The glorious beheading of the Forerunner /
was part of God’s dispensation, /
that the coming of the Savior might also be preached to those in hades. /
Lament then, Herodias, that thou hast demanded a wicked murder, /
for thou didst love neither the law of God nor eternal life, //
but one false and fleeting.

Within these two hymns are the simplest and most direct references as to what it is about the Baptist that draws us Orthodox to him:  He was deemed worthy to baptize the Christ, and he preached the Good News of the coming of the Savior to those in Hades. What then, is it about these two actions that have moved us to think of the Forerunner so dearly?

St.

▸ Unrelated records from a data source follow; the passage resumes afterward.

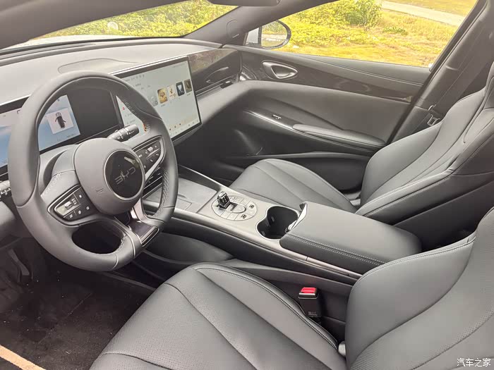 我是很喜欢车子的一个外观,外观和内饰都算,因为我当时选车第一眼看到海豹的时候,我的冲击力是很强的。像现在汽车外观同质化这么严重的时代,看到一辆让我眼前一亮的汽车还是很难的。海报的设计我觉得很有一股麦凯拉伦的影子,特别是低矮的底盘,包括打孔的刹车盘,还有夸张的尾部的扰流板,整体所有的因素都在给予我说这是一辆很运动的车型,当我握到方向盘那一刻,我就觉得这就是我的菜
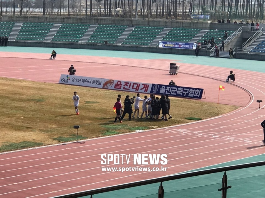 오전 11시 30분 울진종합운동장에서 목동중과 군포중이 만났다. 선제골은 목동중학교였다. 주장 이호연이 군포중 골망을 흔들었다. 군포중 진영에서 침착하게 골문으로 밀어 넣었다. 선제골 이후 목동중의 몸놀림이 더 가벼워졌다. 전방으로 끊임없이 쇄도하며 추가골을 노렸다.
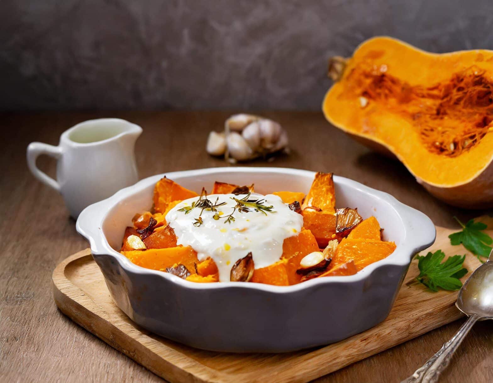 Tasty recipe of red cabbage salad, roasted butternut squash and feta with lemon.
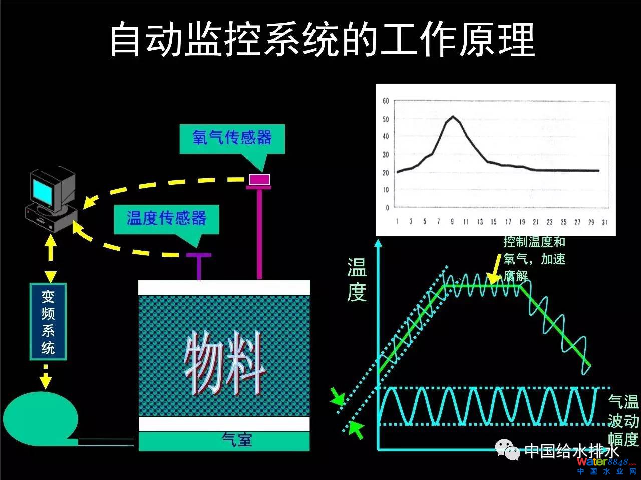 (詳見PPT)這是一個自動控制的原理圖,在這里面有一個發(fā)酵池,上面溫度、氧氣的傳感器等等,起到一個作用。在我印象當中昨天有一個報告也提到,外界的溫度對堆體的溫度有很大的影響,包括上午的報告也有講到,熱交換對堆體的溫度有影響,所以我們要考慮到外界的溫度對堆體內(nèi)部溫度的影響,像冬季起溫比較慢,所以都要考慮外界氣溫對堆體溫度的影響,在自動控制軟件設(shè)計的時候要考慮這些問題。

John, Baptist and Forerunner, is considered the last of the Old Testament prophets because he was killed before the Resurrection and Christ’s descent into Hades. He’s considered the second Christian because, after the Virgin, he was the first to acknowledge Jesus as the Christ by leaping in Elizabeth’s womb.

St. John’s ministry was to proclaim the coming of the Messiah, by preaching baptism for repentance from sin and turning away from selfish pursuits. Consequently, after he baptized Jesus, his ministry began to wane, although he continued to proclaim that Jesus was the Messiah. His ministry was abruptly halted by his imprisonment by Herod for taking Herod to task for marrying his brother Philip’s wife, Herodias. After his death, we believe he preached the Gospel to those in Hades.

As the last of the Old Testament prophets, St. John had a unique ministry to be the one to baptize Jesus, to “fulfill all righteousness” (Matt. 3:15). As the first of the prophets to have personally witnessed the Incarnate God in the flesh, he had a unique opportunity to be a personal witness to those who had died.

St. John the Baptist and Forerunner, holds a special place among Orthodox saints simply because of his unique ministry of baptizing the Christ and preaching to the dead.